We see the cleanest linear relationship between the two variables when both are log transformed.

Step 3

Run linear models of:
- lifespan ~ female body mass
- lifespan ~ log(female body mass)
- log(lifespan) ~ log(female body mass)

m1 <- lm(MaxLongevity_m ~ Body_mass_female_mean, data = d)
m2 <- lm(MaxLongevity_m ~ log(Body_mass_female_mean), data = d)
m3 <- lm(log(MaxLongevity_m) ~ log(Body_mass_female_mean), data = d)

Step 4

Generate residuals for all three linear models, plot them by hand in relation to the corresponding explanatory variable, and make histograms of the residuals. Do they appear to be normally distributed?

p1 <- ggplot(data = NULL, aes(x = m1$model$Body_mass_female_mean, y = m1$residuals)) +
  geom_point(na.rm = TRUE)
p2 <- ggplot(data = NULL, aes(x = m2$model$`log(Body_mass_female_mean)`, y = m2$residuals)) +
  geom_point(na.rm = TRUE)
p3 <- ggplot(data = NULL, aes(x = m3$model$`log(Body_mass_female_mean)`, y = m3$residuals)) +
  geom_point(na.rm = TRUE)
p4 <- histogram(m1$residuals, nint = 20)
p5 <- histogram(m2$residuals, nint = 20)
p6 <- histogram(m3$residuals, nint = 20)
plot_grid(p1, p4, p2, p5, p3, p6, nrow = 3)

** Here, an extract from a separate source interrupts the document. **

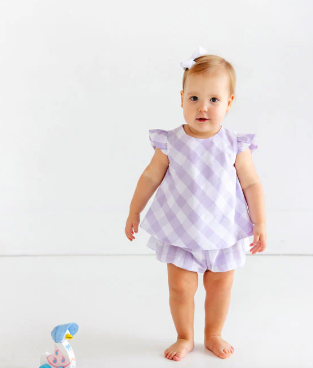 Your little darling will look as sweet as can be in our Alice Angel Sleeve Set! Featuring Lauderdale Lavender Chattanooga Check & a ruffle bottom, this adorable set is one you'll love seeing her in over + over again.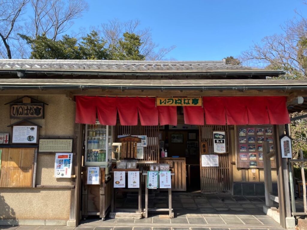 少し歩き疲れたら「いのはな亭」へ。周辺には日本庭園があり、紅梅をはじめとした椿や萩など四季折々の植物が楽しめます。

Based on these plots, the m3 residuals appear to be most closely to normally distributed. The m1 residuals are clearly not, and the m2 residuals seems to show increasing variable with log(female body mass)

Step 5

Generate QQ plots for all three linear models. Based on visual inspection of these plots, do the residual appear to deviate from being normally distributed?

par(mfrow = c(3, 1))
car::qqPlot(m1$residuals)

##  43 106 
##  28  71

car::qqPlot(m2$residuals)

##  43 106 
##  28  71

car::qqPlot(m3$residuals)

## 116  43 
##  77  28

# or
par(mfrow = c(1, 1))
p1 <- ggpubr::ggqqplot(m1$residuals)
p2 <- ggpubr::ggqqplot(m2$residuals)
p3 <- ggpubr::ggqqplot(m3$residuals)
plot_grid(p1, p2, p3, nrow = 1)

Again, the m3 residuals look as if they do not deviate substantively from normal. Residuals for m1 and m2, by contrast, do appear to deviate from normal, with a large number of points falling outside of the confidence band in the QQ plots.

Step 6

Run the plot() command for all three models and visually inspect the resultant plots. What do the plots suggest about whether the assumptions for regression are met for any of these models?

par(mfrow = c(2, 2))
plot(m1)

plot(m2)

plot(m3)

The plots suggest that m1 and m2 residuals deviate quite markedly from normality,

Step 7

Run Shapiro-Wilks tests (e.g., using the function shapiro.test() on the residuals for all three models. What do the results of these test suggest about the whether your data meet the assumptions for using simple linear regression?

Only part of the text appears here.